* Directions *
Nothing but the lines from the first line of the entries through the line with "푹 익은 김치라기보다는" should appear in the answer, transcribed exactly and free of pictures.

* Working data *

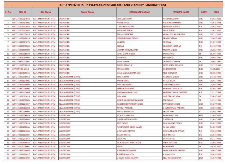 Western Railway Ratlam Division Apprentice Joining Merit List 2022 Download
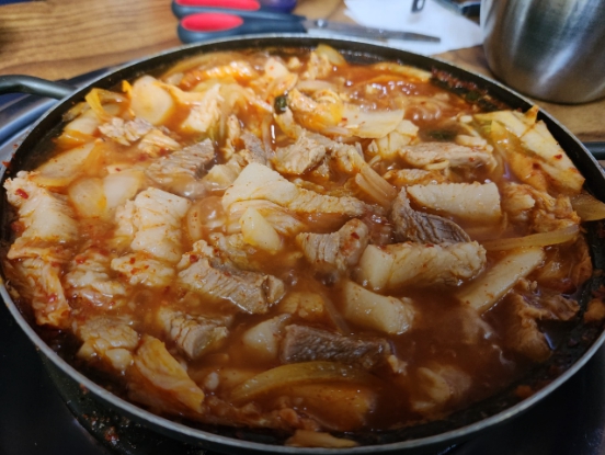푹 익은 김치라기보다는 새콤하면서도 시원한 맛의 김치를 사용하여, 남녀노소 누구나 호불호 없이 즐길 수 있는 깔끔한 맛을 자랑합니다. 특히 젊은 층에서 특히 선호할 만한 맛의 조화를 이루고 있어요.
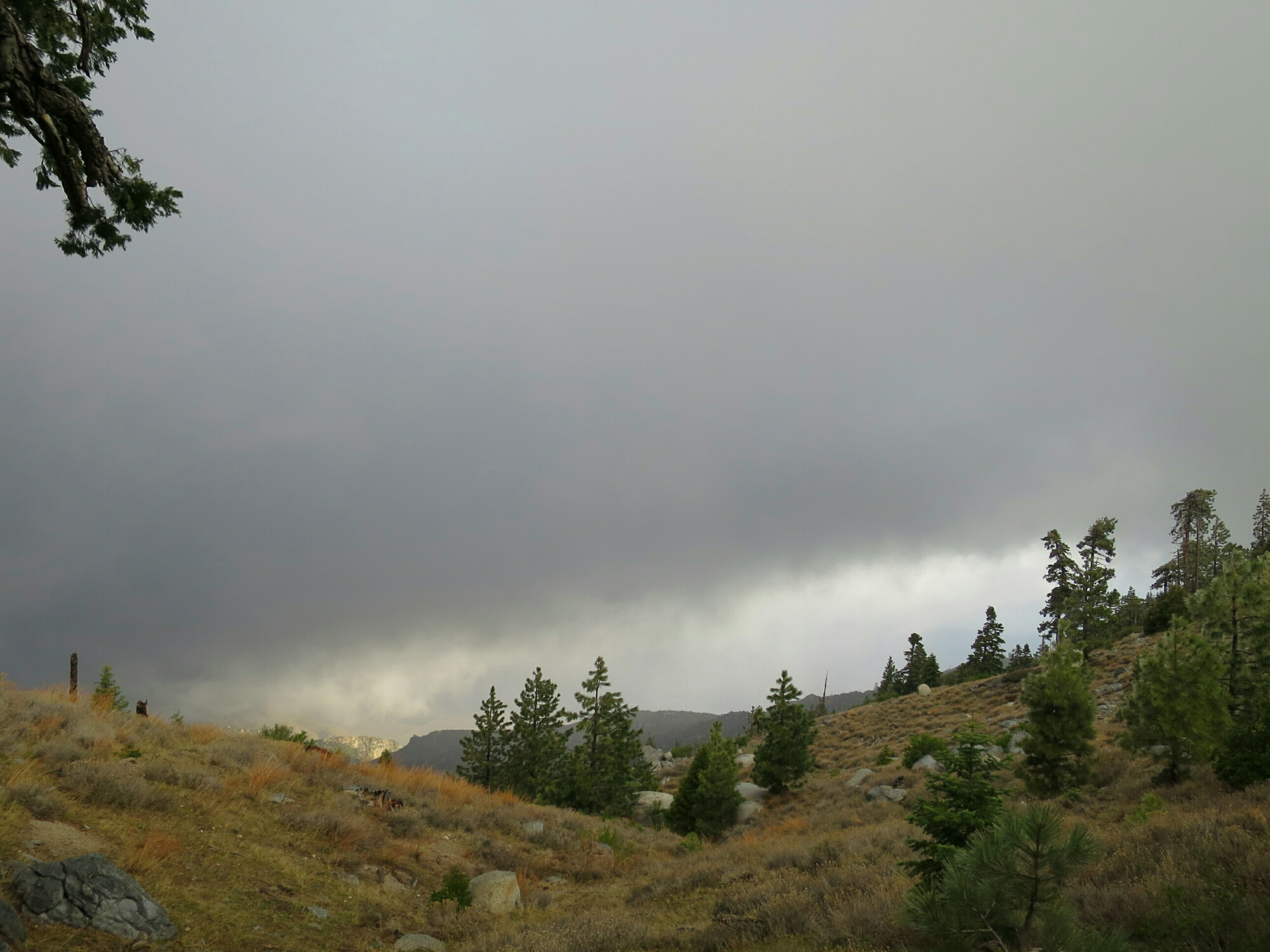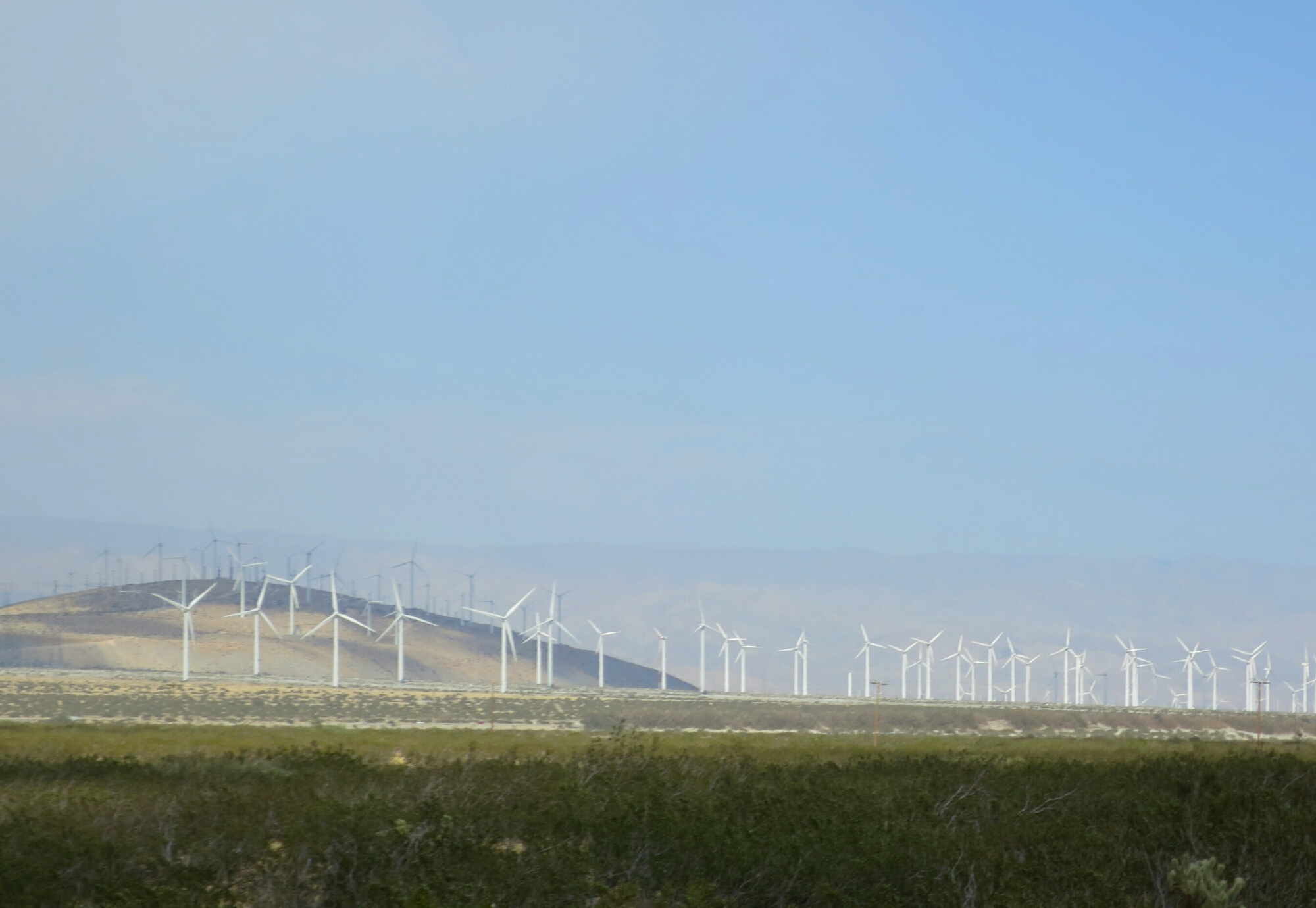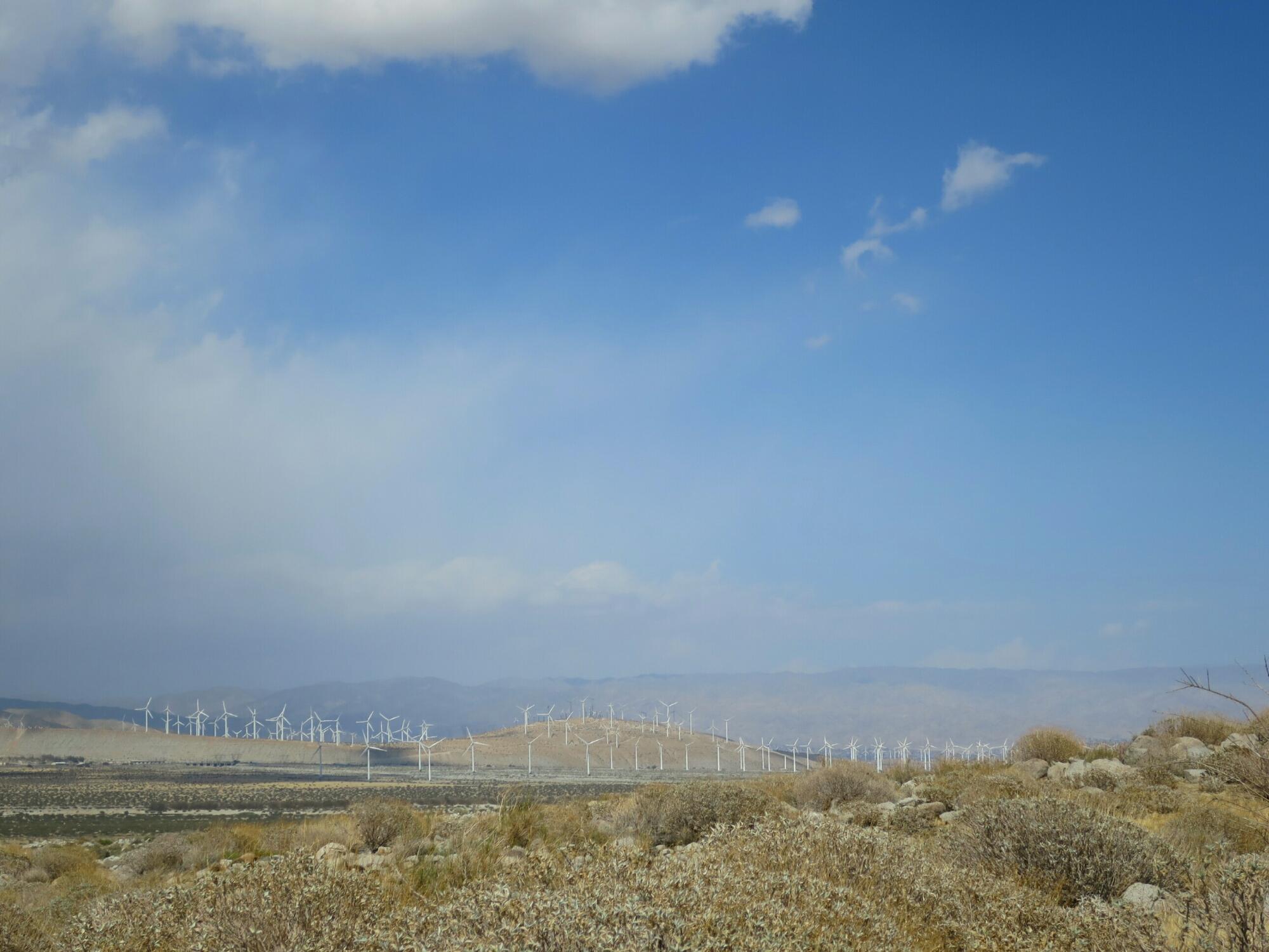 The hail followed us off the mountain for a couple of hours. Once we were out of the pine forest zone, the hail turned to rain. Eventually the rain eased off but the wind never let up. In fact, it stayed with us throughout the day. I guess this is usually a windy area, which would explain the huge numbers of wind turbines in the floor of the valley. The clouds looked so dramatic with an occasional peak of the sun breaking through. As we descended closer to the desert floor the sunny breaks became more frequent. But there were dark clouds on the horizon to the west.
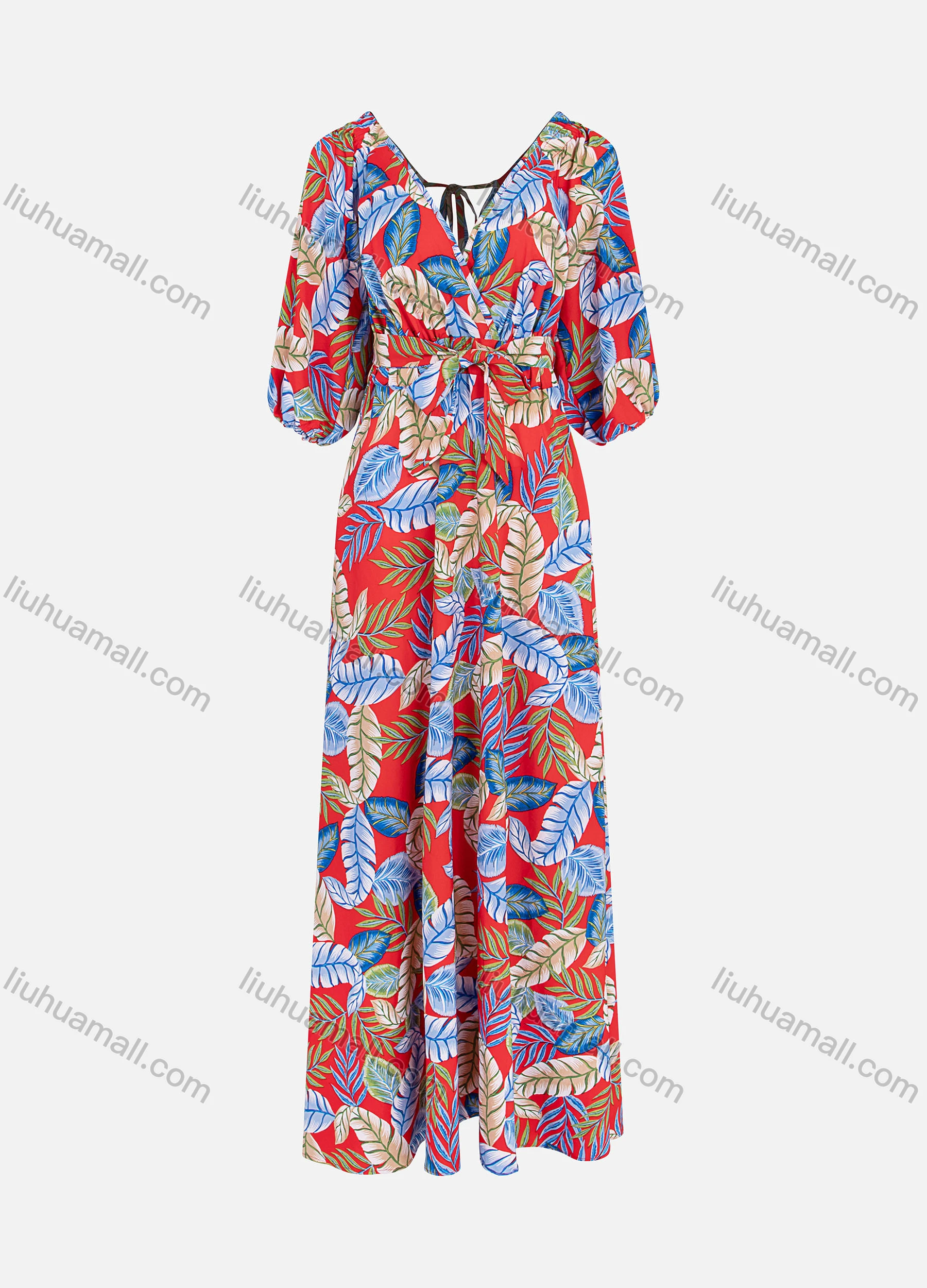 Wholesale Women's Casual V Neck 3/4 Sleeve Lace Up Back Maxi Dress
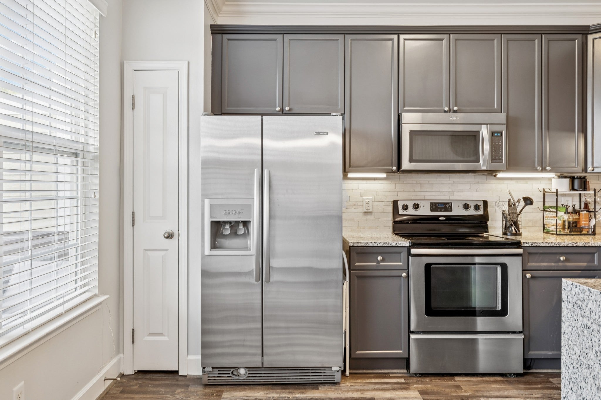- Built-In Electric Oven, Built-In Electric Range, Dishwasher, Disposal, Microwave, Refrigerator, Stainless Steel Appliance(s)
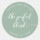 Um adesivo de favor de casamento com as palavras "a mistura perfeita" em um script cursivo relaxado em branco contra uma cor de fundo editável (clique em personalizar para acessar). Personalize-o substituindo o texto do marcador de posição. Para obter mais opções, como alterar a fonte e seu tamanho/cor, expanda a curva/contrato ou o espaçamento entre letras, clique no botão "Personalizar". *Observe que a Marca d'água do Zazzle que aparece na visualização de zoom NÃO aparecerá no produto impresso final. © Rosewood e Citrus

* Solution to this exercise *
 Western Railway Ratlam Division Apprentice Joining Merit List 2022 Download
푹 익은 김치라기보다는 새콤하면서도 시원한 맛의 김치를 사용하여, 남녀노소 누구나 호불호 없이 즐길 수 있는 깔끔한 맛을 자랑합니다. 특히 젊은 층에서 특히 선호할 만한 맛의 조화를 이루고 있어요.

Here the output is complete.